TASK DETAILS: Skip every picture, and copy exactly the lines from the one containing "lapangan dikarenakan cahaya" to the end of the data.

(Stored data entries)
########################################
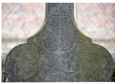
Ancre décorant une tombe de batelier.
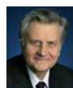
Jean-Claude Trichet President ECB

Message from OECD Secretary-General, Angel Gurría
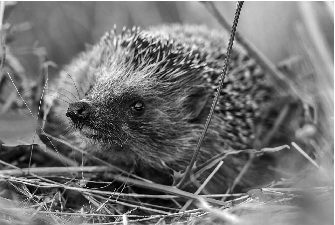
Der Igel als «Tier des Jahres» 2026: Auch in Ennetbaden zu Hause, aber gefährdet (Seite 10).

Das Informationsblatt der Gemeinde Ennetbaden
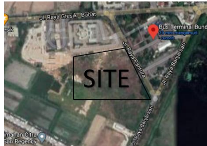
Gambar 4. Lokasi Site/tapak

lapangan dikarenakan cahaya matahari pada pagi hari akan memberikan manfaat lebih terhadap kesehatan tubuh.
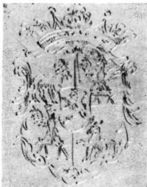
Grb, ki je z izredno natančnostjo vrezan v drugo stran plošče
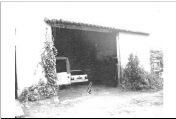
Photo du site

GÉOLOCALISATION Coordonnées WGS84 : X: 3.19634743 / Y: 43.35303800 Coordonnées RGF93 (Lambert 93) X: 715927.05 / Y: 6250452.77 Coordonnées RGF93 (ETRS89) : X: 3.1963474 / Y: 43.353038
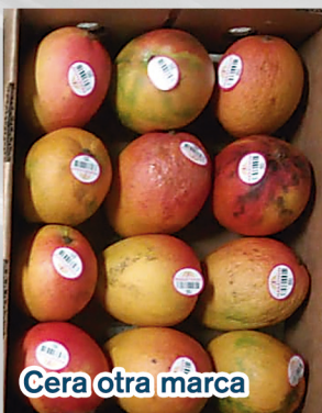
Cera otra marca
########################################
WRITTEN SOLUTION:
lapangan dikarenakan cahaya matahari pada pagi hari akan memberikan manfaat lebih terhadap kesehatan tubuh.
Grb, ki je z izredno natančnostjo vrezan v drugo stran plošče
Photo du site

GÉOLOCALISATION Coordonnées WGS84 : X: 3.19634743 / Y: 43.35303800 Coordonnées RGF93 (Lambert 93) X: 715927.05 / Y: 6250452.77 Coordonnées RGF93 (ETRS89) : X: 3.1963474 / Y: 43.353038
Cera otra marca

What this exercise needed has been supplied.